David Wallace-Wells and the Several Myths of Climate Change
David Wallace-Wells, in his jarring New York Times Bestseller published last month, The Uninhabitable Earth, begins with the terrifying first sentence: “It is worse, much worse, than you think. The slowness of climate change is a fairy tale, perhaps as pernicious as the one that says it isn’t happening at all.” Wallace-Wells then enumerates a host of other fairy tales that, I think, are deeply important for all of us to name and spend time learning and reflecting on.
That is why I wanted to start this week by listing them again, without comment, just for the sake of taking notice of them. Here they are, slightly reworded: the several myths of climate change in the order he includes them in his first paragraph.
Climate change isn’t happening at all.
Climate change is happening slowly. It will have an impact on the lives of future generations; this generation, not so much.
Global warming is an Arctic saga, unfolding remotely.
Climate change is strictly a matter of seal level and coastlines, so it won’t really impact landlocked folks like us.
Climate change is a crisis of the “natural” world, so it won’t really affect me, since I live in the city.
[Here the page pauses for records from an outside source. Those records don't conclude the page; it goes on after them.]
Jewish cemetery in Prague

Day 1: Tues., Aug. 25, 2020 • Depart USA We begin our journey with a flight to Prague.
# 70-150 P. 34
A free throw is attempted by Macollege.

The infrastructure of my community is pretty good, so I am somewhat defended by nature.
We live in a somewhat wealthy area, so we must be shielded against global warming somehow.
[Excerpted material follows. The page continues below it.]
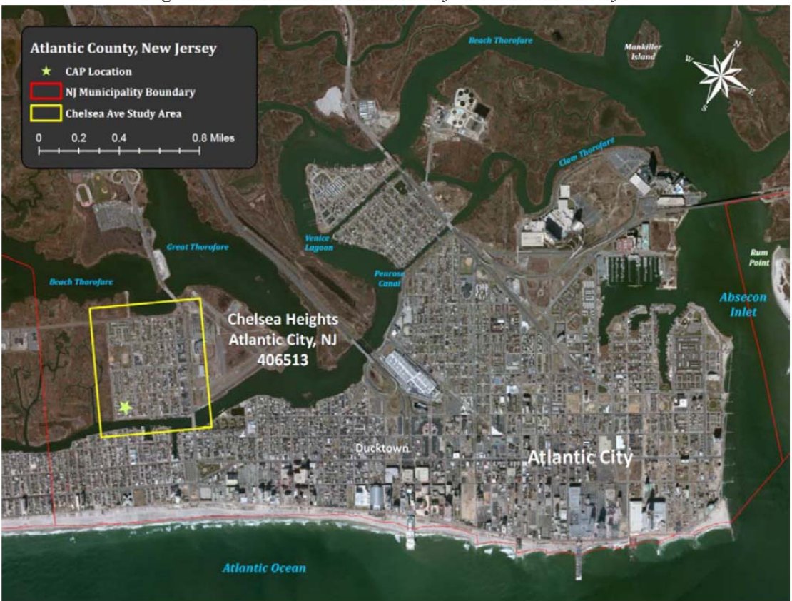
Figure 2: Location of the Chelsea Heights Study Area within Atlantic City.

Burning fossil fuels is the price we pay for economic growth, and it fuels our technology; as our technology advances, we will be able to engineer our way out of environmental disasters.
Nothing is new under the sun. Humans have experienced catastrophes like this in our history before, so we should feel confident we can get through this one too.
Of course, I think Wallace-Wells wrote the entire book aiming to undoing these myths. The most important thing to know about climate change is the first sentence in his second paragraph: “None of this is true."